バドルディン・ウマル:揺るぎない民衆の声

バドルディン・ウマル:揺るぎない民衆の声
[Financial Express]60年以上にわたり民衆の声として語り継がれてきた伝説の人物、バドルディン・ウマルが逝去した。93歳。ベテラン政治活動家、尊敬を集める作家、愛国的な研究者、そして70年以上にわたるキャリアにおいて自らの理想を貫き通した著名な知識人。9月7日、ついにこの世を去ったウマルの死は、近い将来に埋まることのない空白を残した。 

1931年12月20日、英国統治時代の西ベンガル州バルダマン県に生まれ、1950年に父であり著名なムスリム連盟指導者であるアブル・ハシム氏と家族と共にダッカに移住した。1953年にダッカ大学で哲学の学士号、1955年に同大学で哲学修士号を取得した後、1961年にオックスフォード大学で哲学・政治学・経済学の学位を取得した。1954年にはダッカ大学心理学部の非常勤講師を務め、1956年にはチッタゴン大学で哲学の講師を務め、1957年にはラジシャヒ大学哲学部の講師に就任し、その後政治学部でも勤務した。彼はまた、1964年にラジシャヒ大学の社会学部を設立しました。しかし、当時の政府の権威主義的な統治に抗議して1968年12月に大学の職を辞し、バングラデシュの抑圧された農民と労働者の大義を推進することを目標に、左翼の政治活動家、知識人、研究志向の作家として本格的に活動するようになりました。

ウマルは1969年に地方共産党に入党し、1970年から71年にかけて週刊機関紙「ガナシャクティ」を編集し、1975年に党の中央委員となった。また、1981年に共産党と連携したバングラデシュ・クリシャク連盟(農民連盟)とバングラデシュ・レハク・シビール(作家プラットフォーム)の議長にも就任。その後、1987年より民主革命同盟(ガノタントリク・ビプロビ・ジョテ)の中央コーディネーターを務めた。2003年より新設の「ジャティヤ・ムクティ評議会(国民解放評議会)」の議長を務め、30年以上にわたり機関誌「サンスクリティ」(文化)の編集者を務めた。

ウマルは1960年代後半、そのキャリア初期からパキスタンの思想的基盤に異議を唱え、センセーショナルな3冊の著書を次々と執筆し、パキスタンの文学・思想界における確固たる地位を築きました。それらの著書とは、『サンプラダイカタ』(共同体主義、1966年)、『サンスクリティール・サンカット』(文化の危機、1967年)、『サンスクリティーク・サンプラダイカタ』(文化的共同体主義、1969年)です。これは、農民、労働者、そして一般大衆の権利実現のために活動するために、教職を辞した時期と重なります。彼は、マルクス主義の思想を堅持し、平等な社会を築くために、政治活動家としても作家としても、労働者階級の解放に人生を捧げようとしました。

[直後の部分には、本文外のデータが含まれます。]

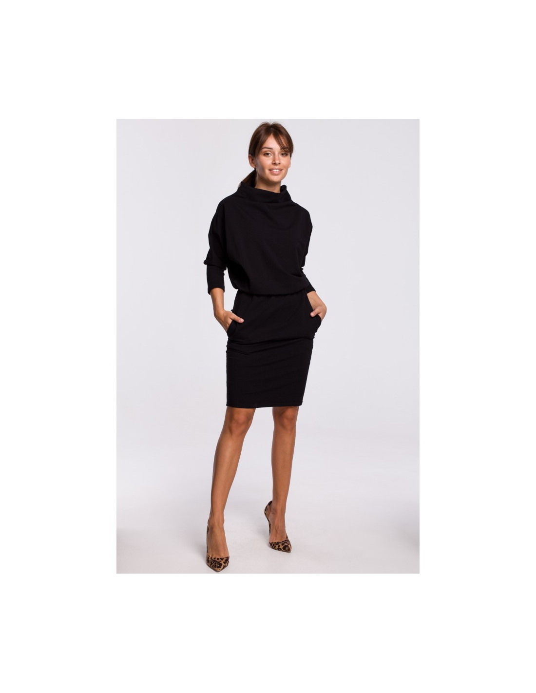 B175 Prigludusi suknelė kimono rankovėmis - juoda
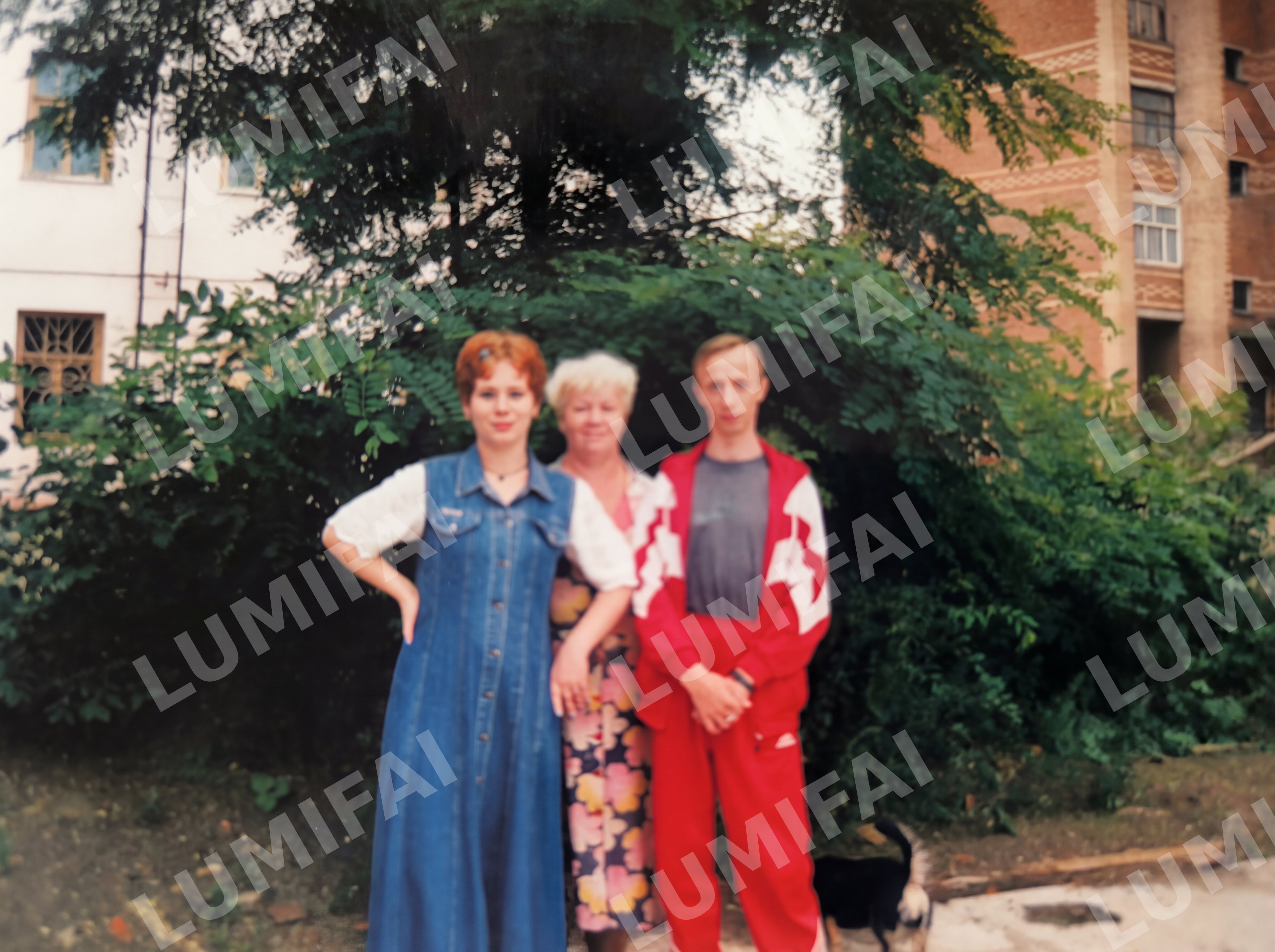 You are a photo restoration tool. Your ONLY task is to remove physical damage from this photograph. ABSOLUTE RULES — NEVER VIOLATE: - Apply uniform sharpness to the ENTIRE image — background, foreground, people equally. NO background blur or bokeh - Preserve original tonal character exactly: sepia stays sepia, black & white stays black & white - DO NOT change, replace, or regenerate any person's face, body, or identity - DO NOT remove, add, or reposition any person in the scene - DO NOT change the composition, framing, or number of people - DO NOT modernize clothing, hairstyles, or any visual elements - DO NOT add anything not already in the original photograph YOUR ONLY TASK — remove physical damage and sharpen uniformly: - Erase scratches, tears, fold lines, stains, mold spots, water damage - Restore faded areas using context from surrounding pixels - Sharpen the ENTIRE image uniformly — background, clothing, faces, trees, ground — all equally - Preserve original sepia or black & white tones exactly OUTPUT: The exact same photograph with damage removed and uniform sharpness. Same tones, same people, same composition.

彼の共産主義への思想的傾倒はオックスフォード大学在学中に成熟し、ラジシャヒ大学での教職時代にさらに強まりました。1964年、ベトナムにおけるアメリカの侵略を背景にトンキン湾事件が発生した後、ウマルはラジシャヒ大学の教員80名を集め、帝国主義の攻撃に抗議する声明を発表しました。彼は「リーダーシップ交換プログラム」による3ヶ月間のアメリカ訪問の招待を断り、パキスタン政府からロンドンのSOASで博士号取得を目指すという申し出も受け入れませんでした。彼は生涯を通じて、理想の問題に関してこの厳格で妥協を許さない姿勢を示しました。

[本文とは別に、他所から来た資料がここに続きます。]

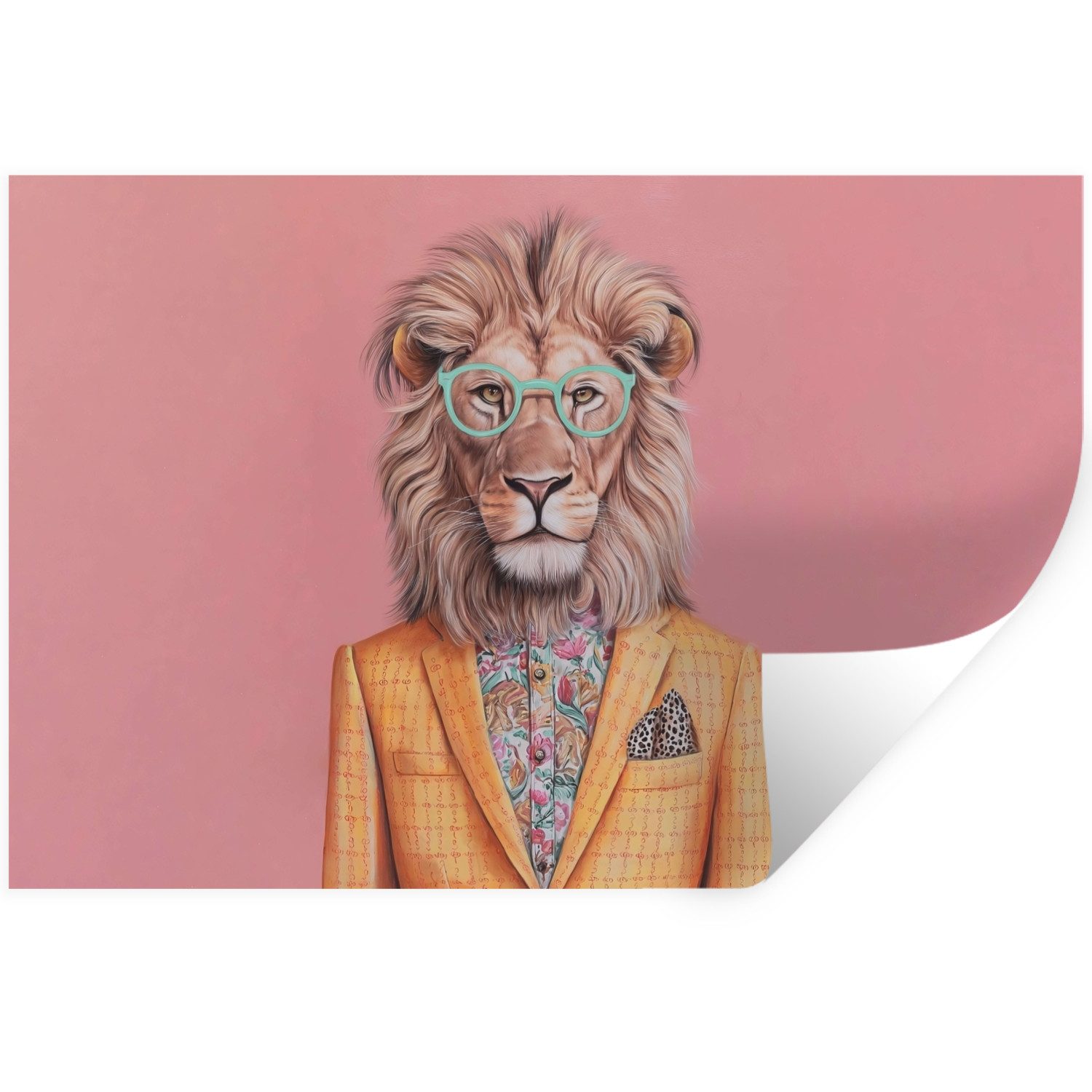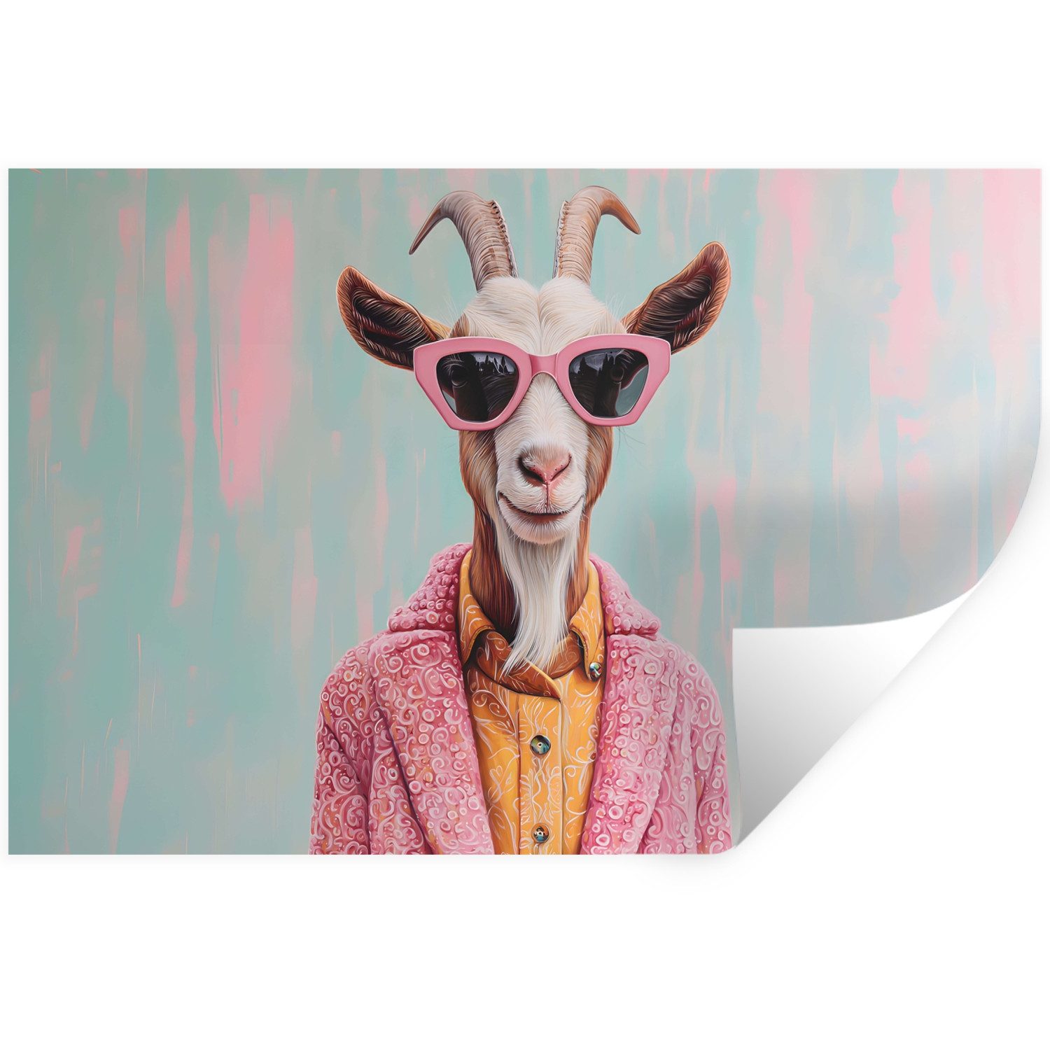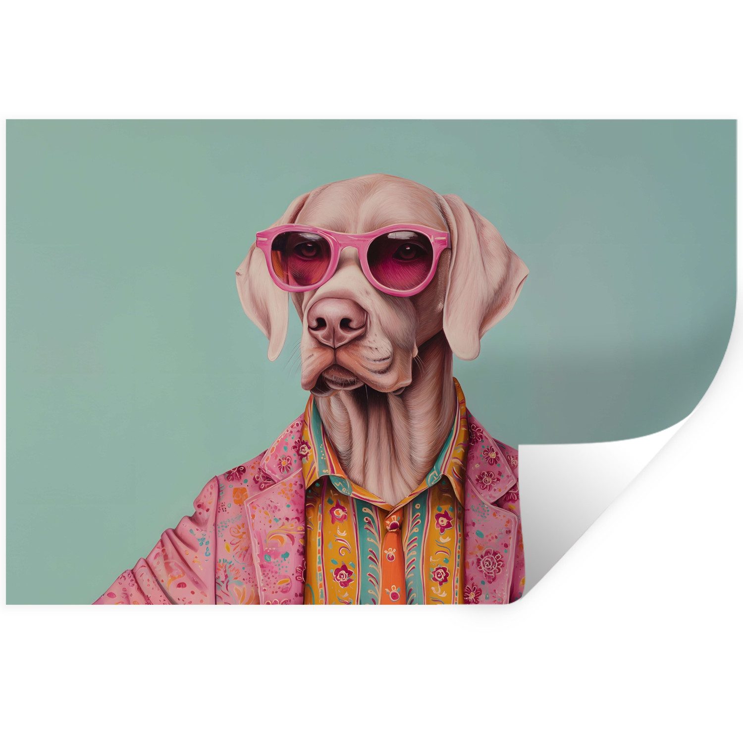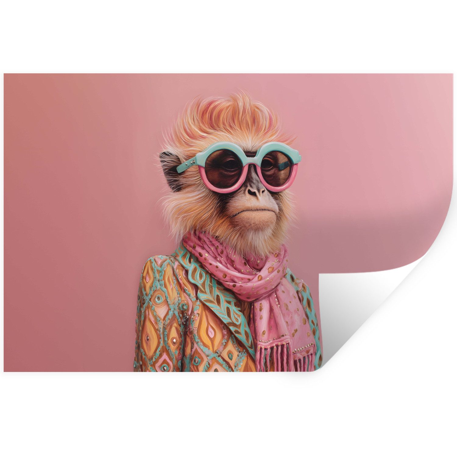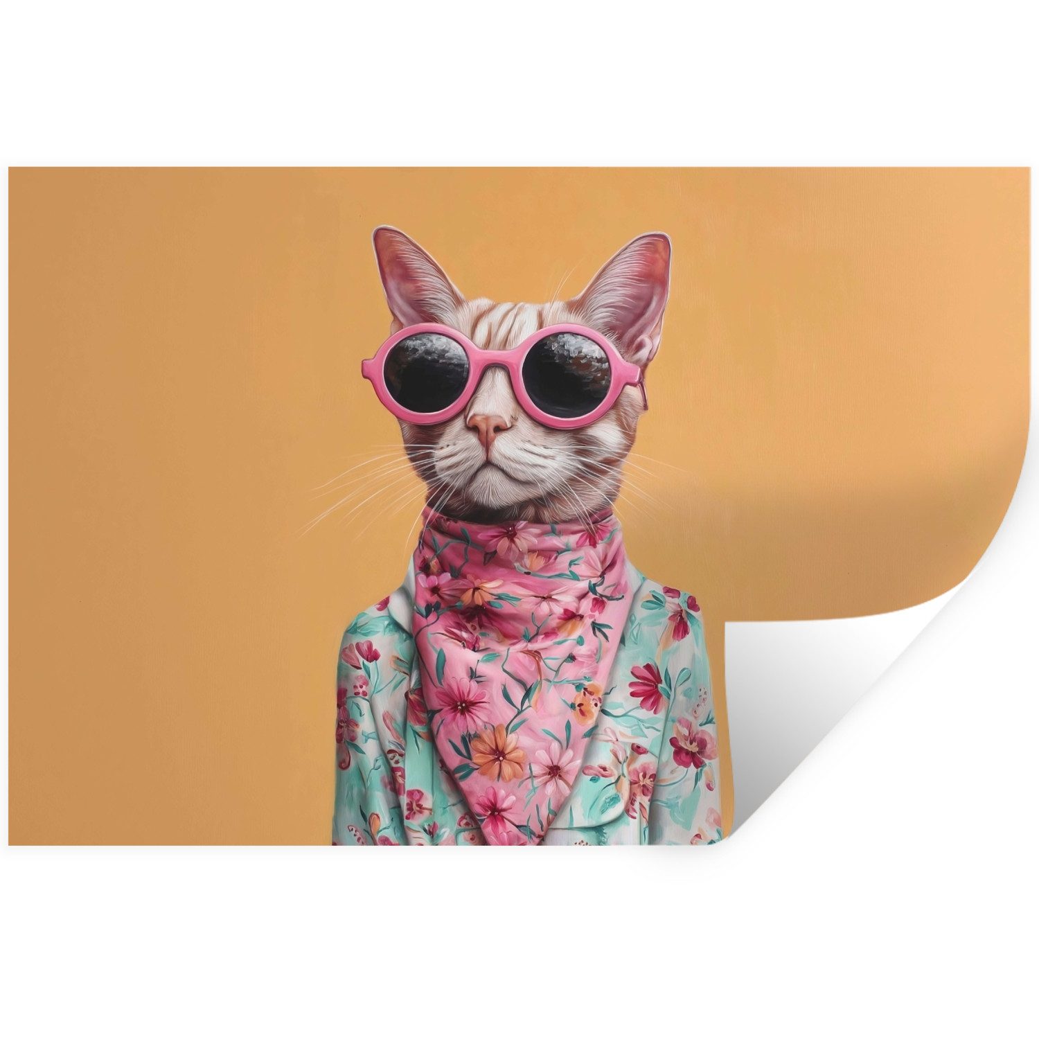Eine Katze mit rosa Sonnenbrille und geblümtem Schal trägt eine mintgrüne Jacke mit rosa Blumen vor einem orangefarbenen Hintergrund.

ウマルは、アダムジ文学賞、バングラ・アカデミー文学賞(1972年)、歴史執筆に対するイティハシュ・パリシャド・プロシュカル賞(1974年)、フィリップス文学賞、エクシェイ・パダック賞、そしてこの年の独立賞など、国の建国にまつわる数々の賞、地位、賞金の受給を拒否した。彼の特質の一つは、賞や賛辞、地位を全く重視しなかったことだった。作家は純粋に自身の楽しみのために書くべきであり、賞は作家の作品に悪影響を及ぼし、代償を払わせるものとして歓迎されなかった。

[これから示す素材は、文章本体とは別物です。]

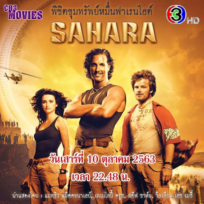 เรียกได้ว่าแฟน ๆ คนไหนชอบภาพยนตร์ผจญภัยปนความบู๊ ห้ามพลาด “พิชิตขุมทรัพย์หมื่นฟาเรนไฮต์ (Sahara)”ในช่วง “แชนแนลทรีมูฟวี่ส์” วันเสาร์ที่ 10 ตุลาคม2563 เวลา 22.58 – 01.28 น. ทางช่อง 3 กด 33
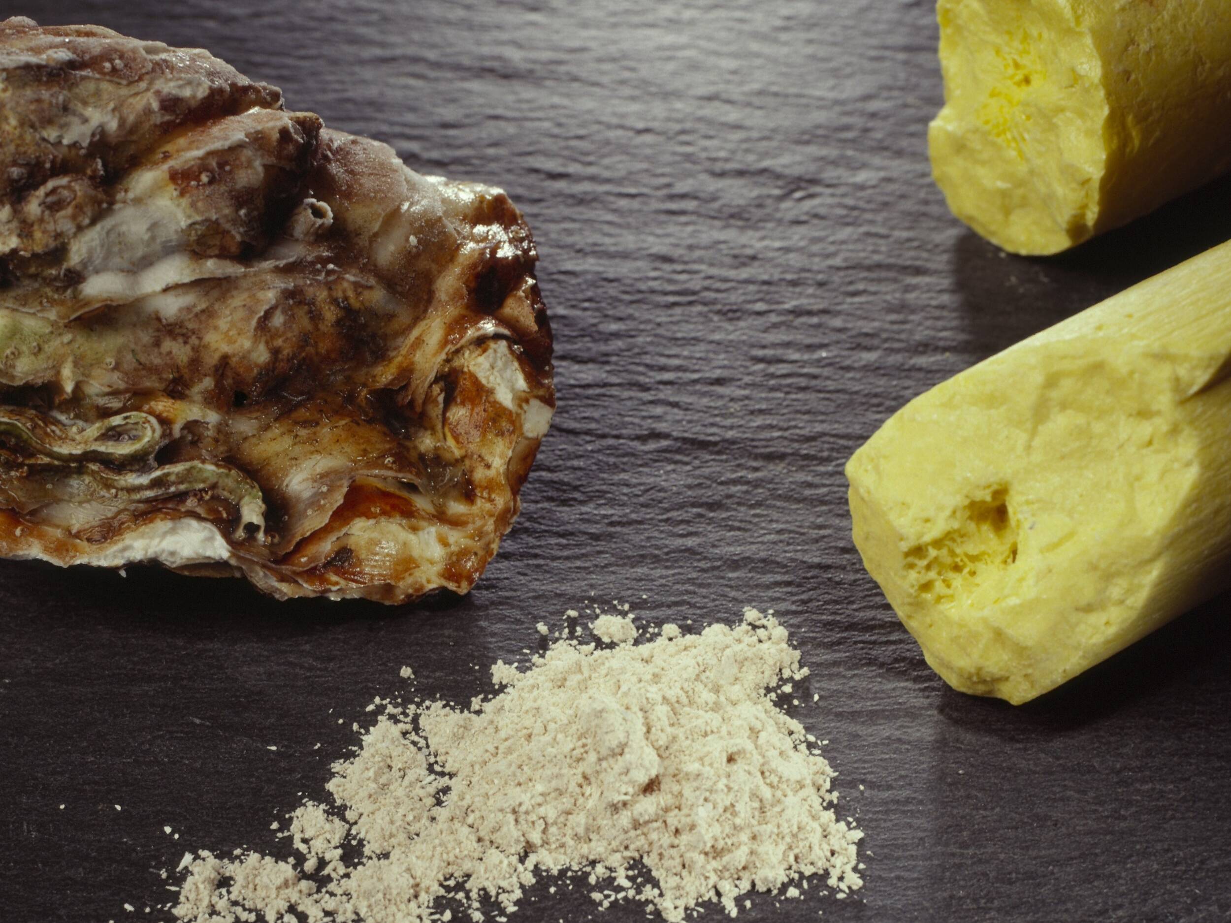 verwendeter Teil: weisser Austernschalenkalk und weisse Schwefelblumen werden in einem Tiegel erhitzt
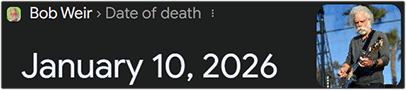Weir’s death was 20,234 days after “Ripple” was first played and 2 months, 3 weeks, 4 days after his birthday:
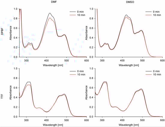 Combined UV-vis spectra before and after irradiation of compound 3 with DPBF or TTF with 489 nm (DMF) and 495 nm (DMSO) light.
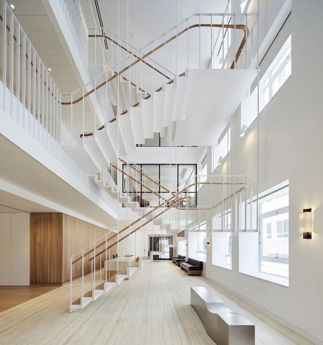 項目中最重要的一個結構干預是在既有的樓板上切割出了一個三層高的中庭空間,并在其中置入了雕塑般的樓梯。樓梯打開了建筑內(nèi)部的動線,將原本彼此孤立的樓層和辦公部門重新連接起來,讓建筑內(nèi)部的行走體驗變得順暢而輕快。非正式的協(xié)作空間和社交空間被設置在每個樓層的樓梯旁邊,進一步促進了各部門的互動以及視覺上的連接。

ウマルは、おそらくバングラデシュにおいて、権力者からいかなる利益や恩恵も受けなかった唯一の著名な知識人でしょう。彼はあらゆる活動において、支配者ではなく庶民を主人公としました。彼は独裁者を「独裁者」と呼び、その長く波乱に満ちた生涯において、誰も彼を買収することはできませんでした。彼のすべての努力は、公正で調和のとれた社会を築くことに向けられました。彼は安定した安楽な教職を犠牲にし、大衆を組織化することで社会変革のための容赦ない闘争に参加しました。彼は回顧録にこう記しています。「私は国民の苦しみ、悲惨、搾取、貧困を深く憂慮し、そのような状況を説明しようと努めました。私の研究は、これらの問題を理解する能力を研ぎ澄ましてくれました。貧しい大衆は、組織的な努力によってのみ解放されるのです。」この考え方は、生涯を通じて彼の哲学的な拠り所となっています。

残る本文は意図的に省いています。